● THE TASK
Exclude images; transcribe the rest of the data exactly.

*** Opening of GIVEN MATERIAL ***

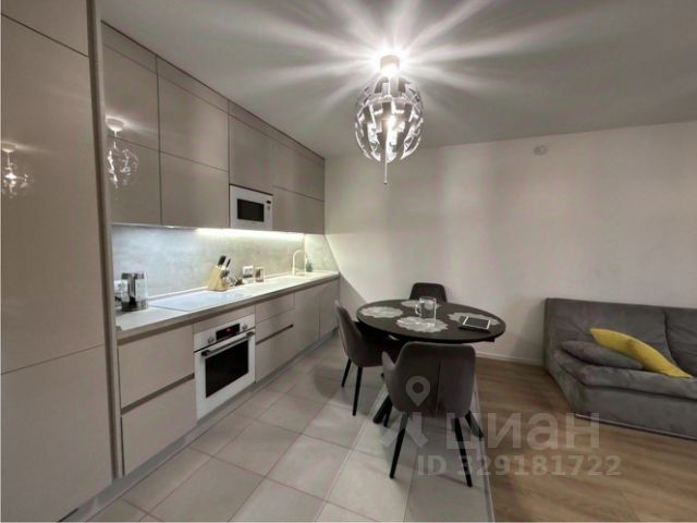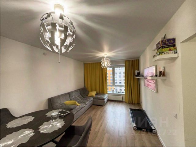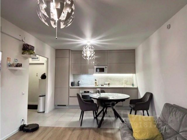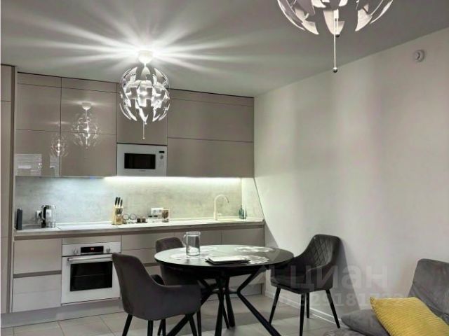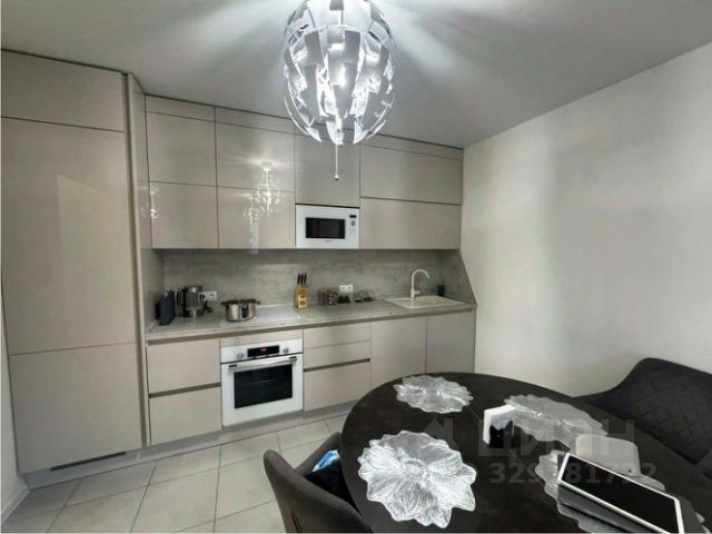 Общая площадь квартиры 59,9 кв.м. Площадь кухни-гостиной 21,3 кв. м, из них площадь гостиной 13 кв. м, а собственно кухни 8,3 кв. м. В зоне кухни: встроенная кухонная мебель с электроплитой с духовой печью, холодильником, микроволновой печью, посудомоечной машиной и вытяжкой. Две жилые комнаты площадью 11,33 кв. м. и 12 кв. м. Просторный холл площадью 9,5 кв. м. Два санузла. Панорамные окна, за каждым из которых расположены фасадные корзины для кондиционеров. Помимо всей мебели на кухне, покупателю остаются телевизор Samsung, стиральная машина со встроенной сушкой, мебель в детской комнате, спальне и в холле. Окна выходят во двор, на юго-запад-запад. В квартире всегда много естественного света, а по вечерам виден закат.
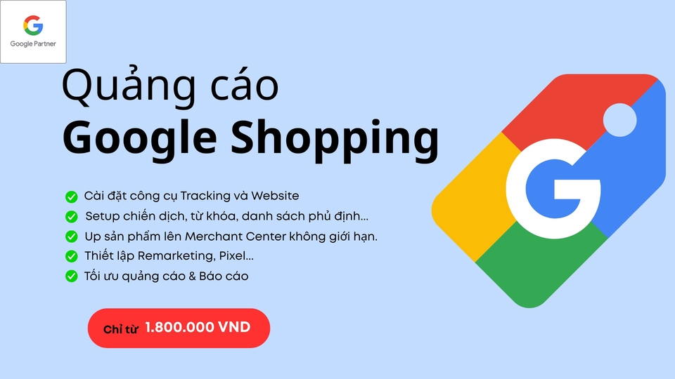 ₫5,0 triệuDịch vụ Google Shopping trọn gói cho shop <2000 sản phẩm, giúp tăng hiển thị, tiếp cận khách hàng mua sẵn và tối ưu chi phí quảng cáo.
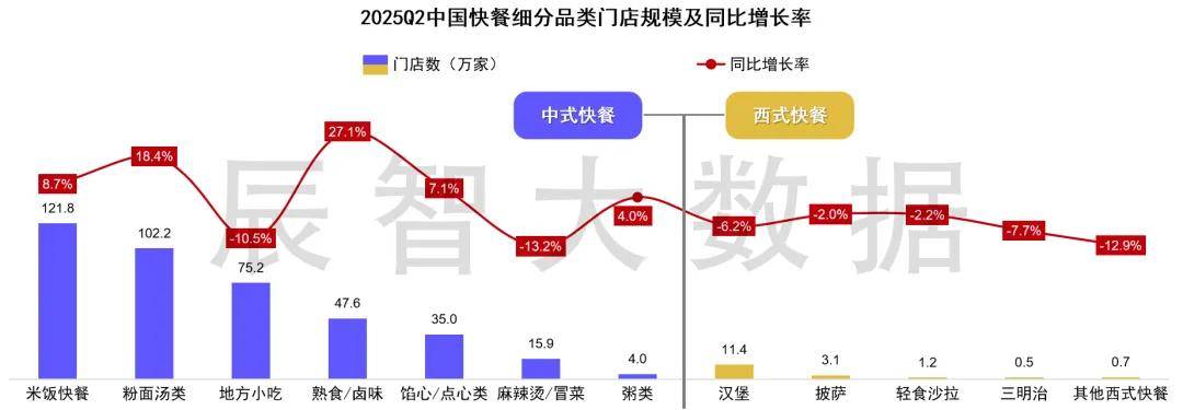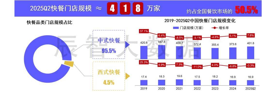 截止2025Q2,我国快餐赛道门店规模约418万家,其中,中式快餐约401.8万家,西式快餐约16.9万家,两者约占全国餐饮市场的 50.5%。
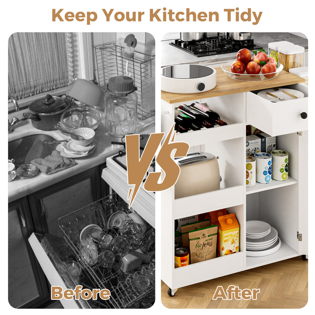 - Timeless Elegance: Blending a white finish with natural wood tone, this kitchen island with drawers adds timeless charm and warmth to any home decor, turning every kitchen moment into a delightful experience.

*** Close of GIVEN MATERIAL ***

● TASK OUTPUT
 Общая площадь квартиры 59,9 кв.м. Площадь кухни-гостиной 21,3 кв. м, из них площадь гостиной 13 кв. м, а собственно кухни 8,3 кв. м. В зоне кухни: встроенная кухонная мебель с электроплитой с духовой печью, холодильником, микроволновой печью, посудомоечной машиной и вытяжкой. Две жилые комнаты площадью 11,33 кв. м. и 12 кв. м. Просторный холл площадью 9,5 кв. м. Два санузла. Панорамные окна, за каждым из которых расположены фасадные корзины для кондиционеров. Помимо всей мебели на кухне, покупателю остаются телевизор Samsung, стиральная машина со встроенной сушкой, мебель в детской комнате, спальне и в холле. Окна выходят во двор, на юго-запад-запад. В квартире всегда много естественного света, а по вечерам виден закат.
 ₫5,0 triệuDịch vụ Google Shopping trọn gói cho shop <2000 sản phẩm, giúp tăng hiển thị, tiếp cận khách hàng mua sẵn và tối ưu chi phí quảng cáo.
 截止2025Q2,我国快餐赛道门店规模约418万家,其中,中式快餐约401.8万家,西式快餐约16.9万家,两者约占全国餐饮市场的 50.5%。
 - Timeless Elegance: Blending a white finish with natural wood tone, this kitchen island with drawers adds timeless charm and warmth to any home decor, turning every kitchen moment into a delightful experience.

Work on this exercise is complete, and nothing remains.